The u-shape will support your head and neck while you sleep on your side. The curved part of the pillow helps to reduce weight off your shoulders and neck.

Contour pillows are also a good option for people with sleep apnea. These pillows have a wave design that supports the back of your neck while holding your head in place. This prevents the head from tilting forward and keeps the airway free from obstruction. In general, they support good body posture.

How are CPAP and EPAP Used for Sleep Apnea?

Some serious cases of sleep apnea require treatment with continuous positive airway pressure (CPAP). A Nasal CPAP is one such device.

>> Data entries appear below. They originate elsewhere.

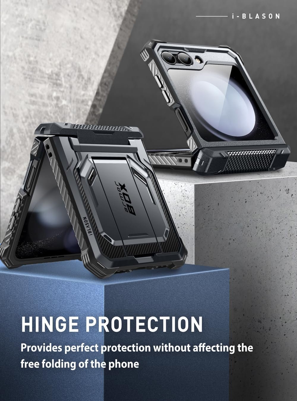 Η ανθεκτική και μοναδική θήκη i-Blason Armorbox από την Supcase είναι ειδικά σχεδιασμένη για το Samsung Galaxy Z Flip5. Έχει κατασκευαστεί από ένα συνδυασμό μαλακού TPU και πολυκαρβονικού πλαστικού PC, για να είναι εξαιρετικά ανθεκτική σε σκόνες, πτώσεις και χτυπήματα.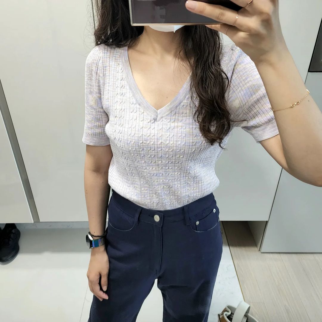 나인 슬림 스퀘어넥 골지 니트 T-6585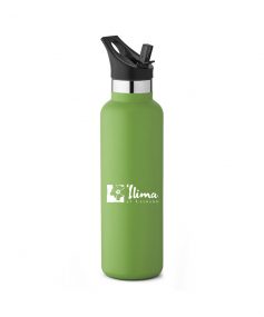 20 oz. Narrow-mouth vacuum-insulated bottle. Features a flip-top straw lid with ergonomic top finger loop. Keeps contents cold for 24 hours. Powder coat finish with copper lining, double wall 18/8 stainless steel, proprietary BPA-free insulated lid. Bottle comes with both screw-on lid and straw lid. 11" H x 2 7/8" Diameter.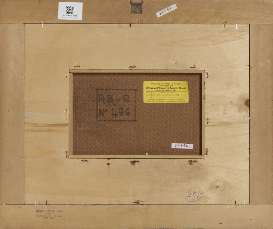 L'opera è accompagnata da certificato di archiviazione dell'Archivio Antonio Bueno a cura di Bianco Giovanni Battista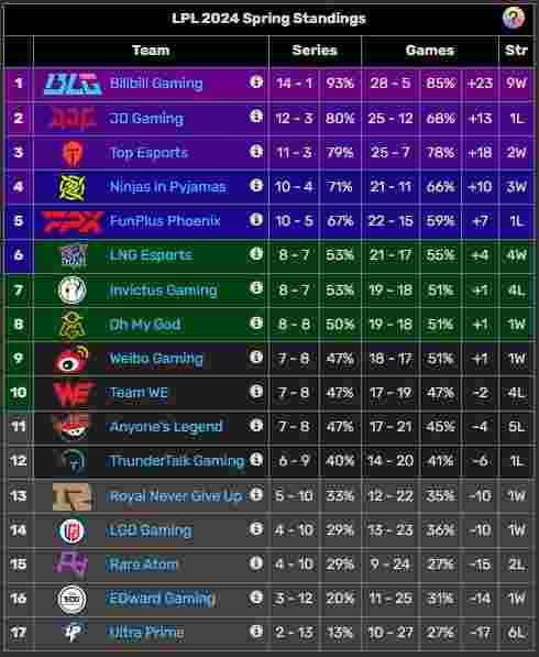 3月23日,2024LPL春季赛常规赛LNG以2比0击败WE,第二场比赛LNG前期在大逆风的情况下连续抓到WE上中野赏金人头,凭借龙魂翻盘成功,挺进季后赛:
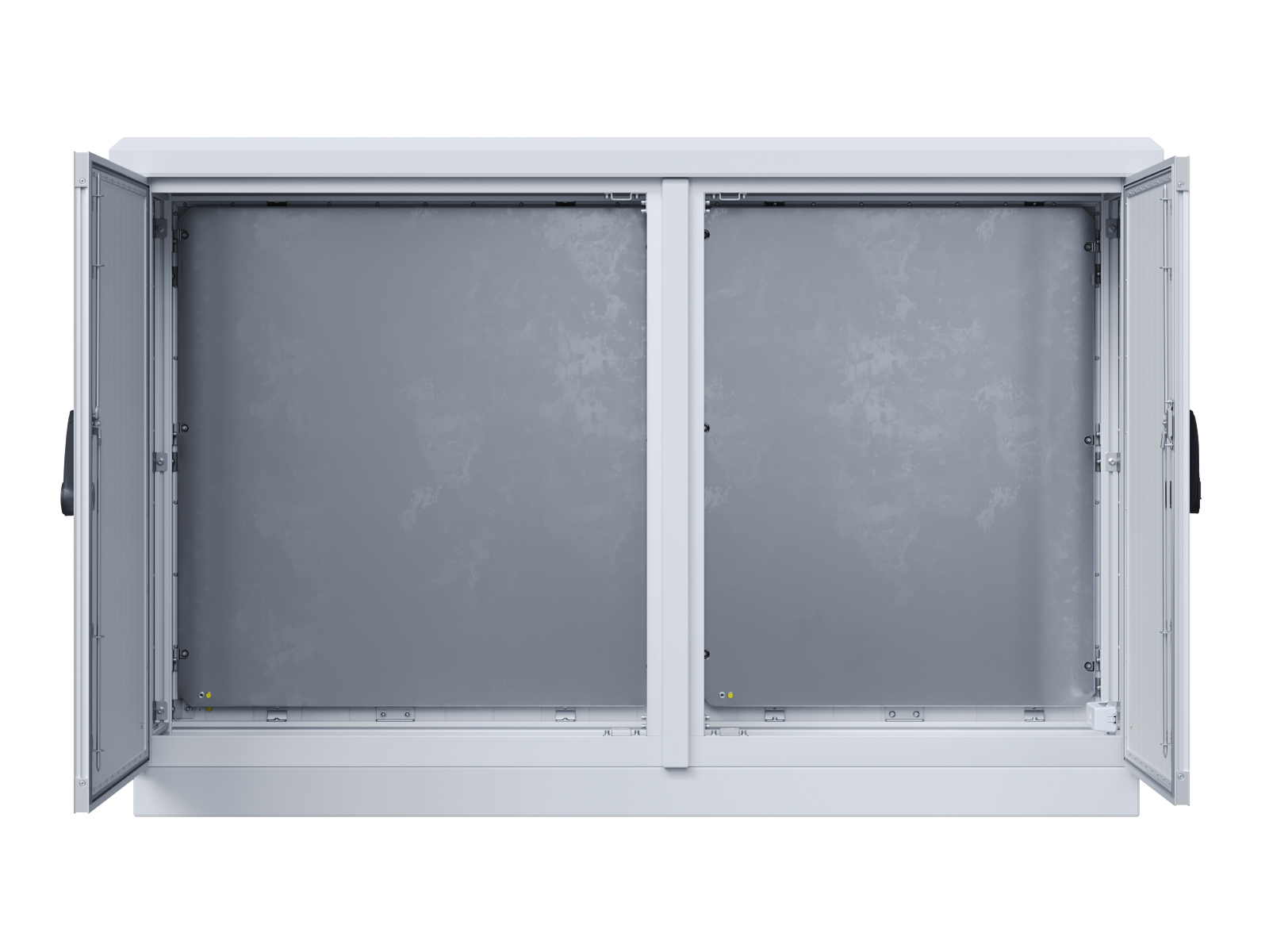 | Outdoor-Schaltschrank aus doppelwandigen Aluminiumprofilen mit EVU-Teil | 11111438 | 2.000 mm | 2.800 mm | 400 mm | Zu den Details |

It uses a mask and pump that work together to keep the airway open. If you use a CPAP machine, CPAP pillows will also be helpful. These help with posture and are designed for use with the CPAP Machines.

EPAP or Expiratory Positive Airway Pressure is a newer method to reduce snoring and sleep apnea. With this device, pressure is created while exhaling. This pressure then stabilizes the upper airway and snoring is reduced with your own breathing. Currently, the only FDA-approved EPAP device is Theravent.

Sleep Apnea Prognosis

The prognosis for sleep apnea varies. For some people, eliminating the obstruction reverses the problem and any associated side effects (such as high blood pressure). Some people need ongoing treatment with special devices. If you fall into this group, you will need to incorporate these into your lifestyle and sleep routine.


If you experience a sleep problem, such as snoring and/or sleep apnea, it can be more than an inconvenience. It can have a negative effect on your functioning, disrupting your mental and physical health. It can even be dangerous. Sleep Psychologists study sleep problems, including sleep apnea and snoring. They research ways to diagnose and treat sleep problems, to improve your quality of sleep and quality of life.

Do not let your sleep problems, such as snoring or sleep apnea, go untreated. If you have one or more of these conditions, visit a Sleep Psychologist and see what they recommend. If they recommend snoring aids or other snoring solutions as part of your treatment, you can easily purchase those items and build your treatment regimen.